- Description: Adamchini Chawal is an aromatic rice cultivated in Uttar Pradesh
- Type: Aromatic rice
- Area: Uttar Pradesh
- Country: India
- Registered: 22 February 2023
- Official website: ipindia.gov.in

= Adamchini rice =

Variety of rice from Uttar Pradesh, India

Adamchini Chawal is a variety of non-Basmati, traditional, short-grained aromatic rice mainly grown in the Indian state of Uttar Pradesh. It is a common and widely cultivated crop in Chandauli, Mirzapur, Varanasi and Sonebhadra, and Vindhya region of Eastern Uttar Pradesh.

Under its Geographical Indication tag, it is referred to as "Adamchini Chawal ".

==Name==
The name "Adamchini" is derived from the Hindi word "chini", meaning sugar, due to the rice's small, sugar crystal-like grains, while "Chawal" means rice in the state language of Hindi.

==Description==
Some of the features are as follows:
===Characteristics===
- Drought-tolerant and disease-resistant, this rice variety has a strong aroma, short-bold scented grains, and intermediate amylose content, resulting in softness with good taste and smell.

===Nutritional Benefits===
- This rice variety is rich in carbohydrates, protein, fat, and fiber, and is a good source of vitamins (Vitamin-D, B group vitamins) and minerals (iron), supporting healthy bowel function, improving digestion, and relieving constipation.

===Cooking and Consumer Preferences===
- This rice variety boasts excellent cooking characteristics and enjoys high consumer preference due to its unique aroma, taste, and texture.
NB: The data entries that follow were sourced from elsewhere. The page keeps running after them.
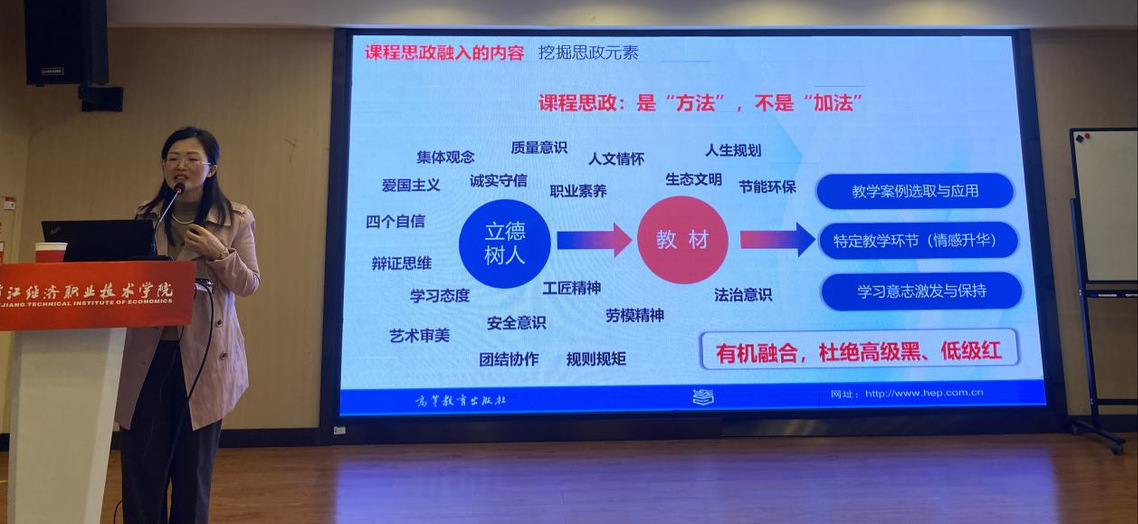2026年3月31日,公共教育学院在英语村举办有组织教研——高水平教学成果培育专题活动,特邀高等教育出版社上海事业部高职文科分社长、副编审雷芳作职业教育教材建设专题讲座,公共教育学院院长斯静亚主持,全院教师参会学习。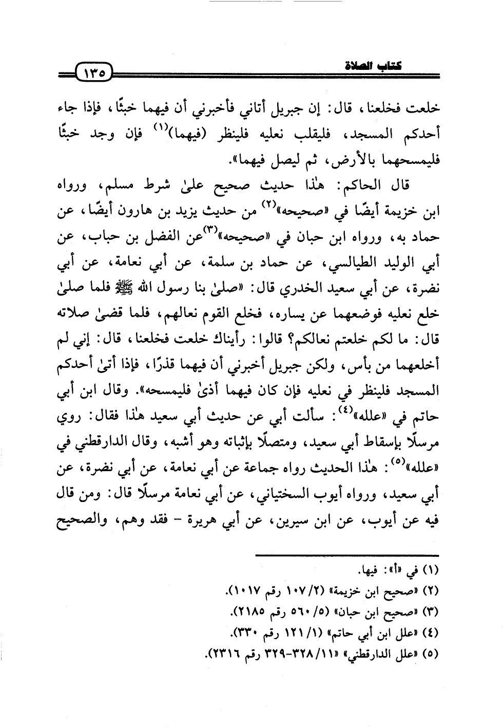 قَالَ الْحَاكِم: هَذَا حَدِيث صَحِيح عَلَى شَرط مُسلم، وَرَوَاهُ ابْن خُزَيْمَة أَيْضا فِي «صَحِيحه» من حَدِيث يزِيد بن هَارُون أَيْضا، عَن حَمَّاد بِهِ، وَرَوَاهُ ابْن حبَان فِي «صَحِيحه» عَن الْفضل بن حباب، عَن أبي الْوَلِيد الطَّيَالِسِيّ، عَن حَمَّاد بن سَلمَة، عَن أبي نعَامَة، عَن أبي نَضرة، عَن أبي سعيد الْخُدْرِيّ قَالَ: «صَلَّى بِنَا رَسُول الله - صَلَّى الله عَلَيْهِ وَسلم - فَلَمَّا صَلَّى خلع نَعْلَيْه فوضعهما عَن يسَاره، فَخلع الْقَوْم نعَالهمْ، فَلَمَّا قَضَى صلَاته قَالَ: مَا لكم خلعتم نعالكم؟ قَالُوا: رَأَيْنَاك خلعت فخلعنا، قَالَ: إِنِّي لم أخلعهما من بَأْس، وَلَكِن جِبْرِيل أَخْبرنِي أَن فيهمَا قذرًا، فَإِذا أَتَى أحدكُم الْمَسْجِد فَلْينْظر فِي نَعْلَيْه فَإِن كَانَ فيهمَا أَذَى فليمسحه» . وَقَالَ ابْن أبي حَاتِم فِي «علله» : سَأَلت أبي عَن حَدِيث أبي سعيد هَذَا فَقَالَ: رُوِيَ مُرْسلا بِإِسْقَاط أبي سعيد، ومتصلًا بإثباته وَهُوَ أشبه، وَقَالَ الدَّارَقُطْنِيّ فِي «علله» : هَذَا الحَدِيث رَوَاهُ جمَاعَة عَن أبي نعَامَة، عَن أبي نَضرة، عَن أبي سعيد، وَرَوَاهُ أَيُّوب السّخْتِيَانِيّ، عَن أبي نعَامَة مُرْسلا قَالَ: وَمن قَالَ فِيهِ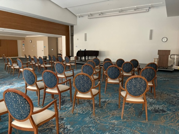 リタイアメントホームの集会会場にはグランドピアノもある。
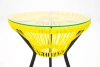 Форма и материалы стола отсылают к эстетике одноимённого кресла и дивана: визуально лёгкий, но устойчивый, он идеально вписывается в коллекцию мебели «Акапулько». Металлическое основание, выполненное в виде лучеобразных спиц и ротанга, перекликается с узнаваемыми линиями кресла, создавая целостный образ. Благодаря круглой стеклянной столешнице стол выглядит невесомо и визуально не утяжеляет пространство.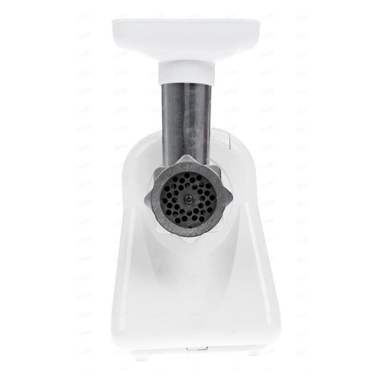 В набор поставки входит одна насадка, компактность хранения которой обеспечивает специальный отсек. Нож изготовлен из нержавеющей стали. Шнек сделан из металла. Корпус выполнен из пластика белого цвета. Камера разбирается и очищается под струей проточной воды. Габариты — 23,5х14,2х21 см. Вес — 2,1 кг.
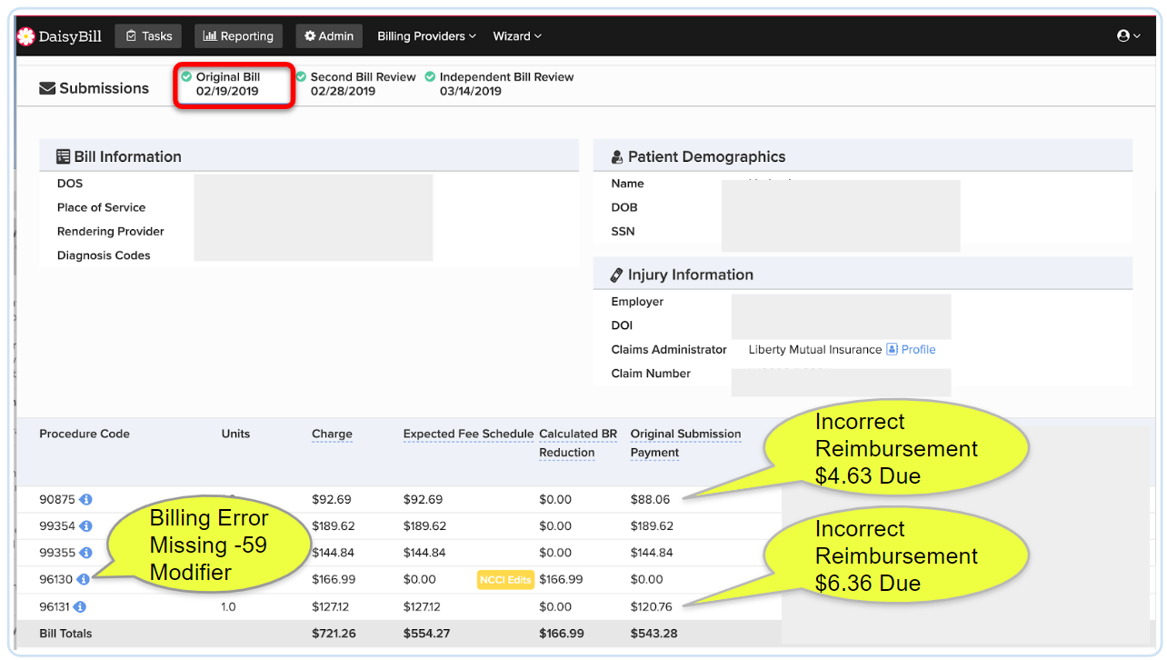 1. The tale commences on 2/27/2019 with Liberty Mutual incorrectly reimbursing two CPT codes and the provider committing a billing error by neglecting to add an appropriate modifier to one code.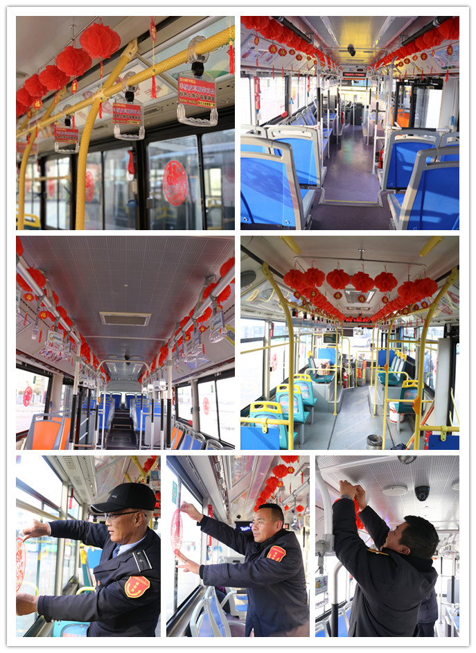 為讓乘客在舒適溫馨的車廂內(nèi)感受到新年氛圍,2月1日市公交公司黨員干部職工和駕駛員師傅們利用業(yè)余時(shí)間親自用具有中國(guó)傳統(tǒng)節(jié)日氣氛的裝飾品裝扮公交車廂。此次活動(dòng)公交公司選擇途徑市區(qū)客流量較大的102路、302路、304路、311路和游2路5條線路。經(jīng)過(guò)一天緊鑼密鼓的忙活,線路所有公交車廂都被裝扮得喜氣洋洋,年味十足,使乘客們步入車內(nèi)就感受到過(guò)節(jié)的氣氛。車廂經(jīng)過(guò)精心布置,既烘托了年味,又為乘客帶來(lái)了好心情,公交公司希望能讓廣大市民和乘客感受到濃厚的節(jié)日氛圍,也希望能夠讓即將踏上歸途的返鄉(xiāng)人感受到新年的熱鬧和溫暖。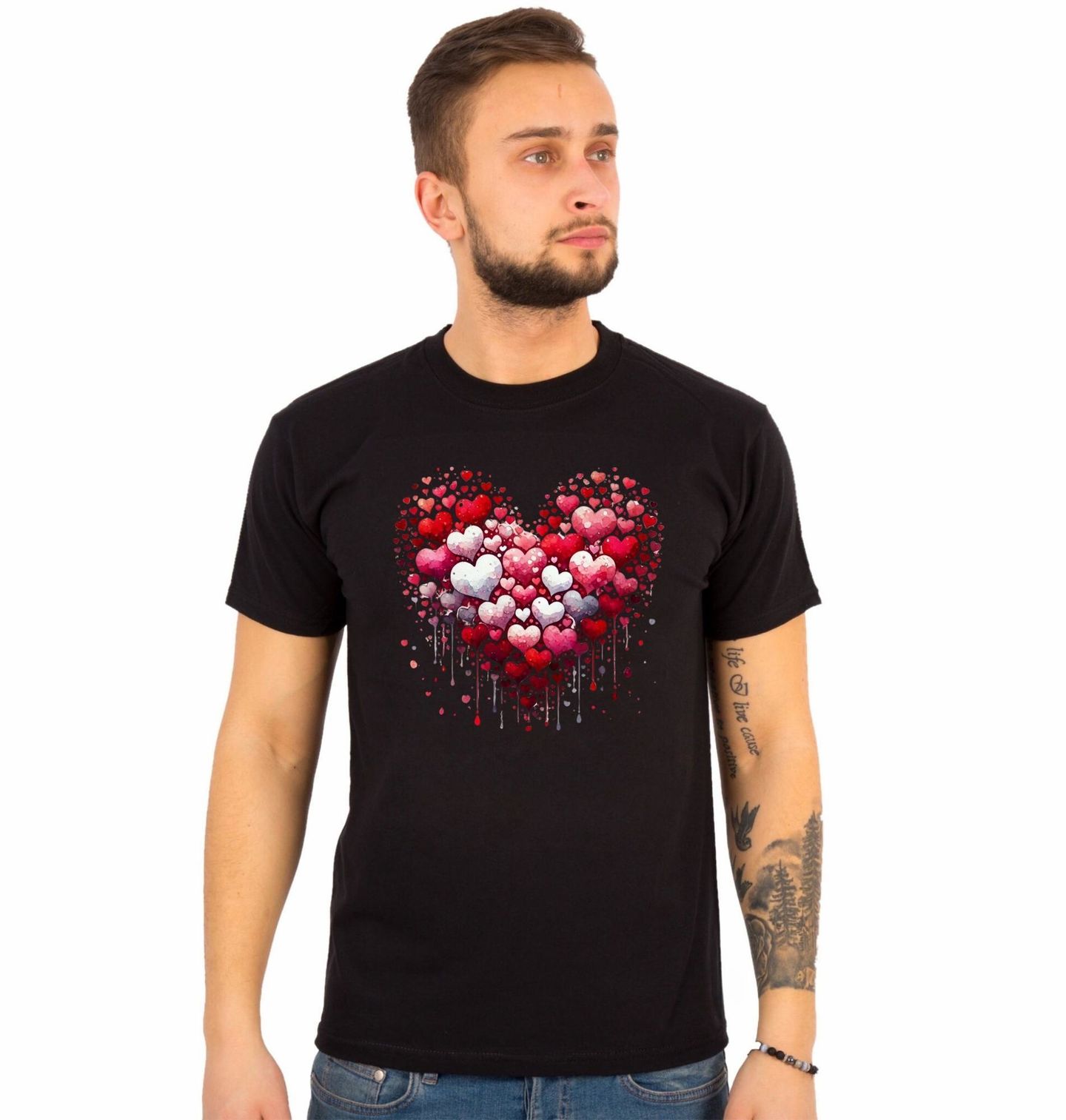 Pánské tričko Nezkrotná Láska. Výrazný motiv ve tvaru srdce složeného z desítek menších srdíček symbolizuje láska v celé její hloubce a intenzitě. Tento design je jako stvořený pro valentýn, kdy srdce představuje blízkost, vášeň i něhu. Láska zde není jen symbolem, ale hlavním sdělením – silná, živá a nepřehlédnutelná.

== Geographical indication ==
It was awarded the Geographical Indication (GI) status tag from the Geographical Indications Registry, under the Union Government of India, on 22 February 2023 (valid till 3 November 2030).

M/s. Ishani Agro Producer Company Limited, and Human Welfare Association from Chandauli, proposed the GI registration of Adamchini Chawal. After filing the application in November 2020, the rice was granted the GI tag in 2023 by the Geographical Indications Registry in Chennai, making the name "Adamchini Chawal " exclusive to the rice grown in the region. It thus became the second rice variety from Uttar Pradesh after Kalanamak rice and the 37th type of goods from Uttar Pradesh to earn the GI tag.

The GI tag protects the rice from illegal selling and marketing, and gives it legal protection and a unique identity.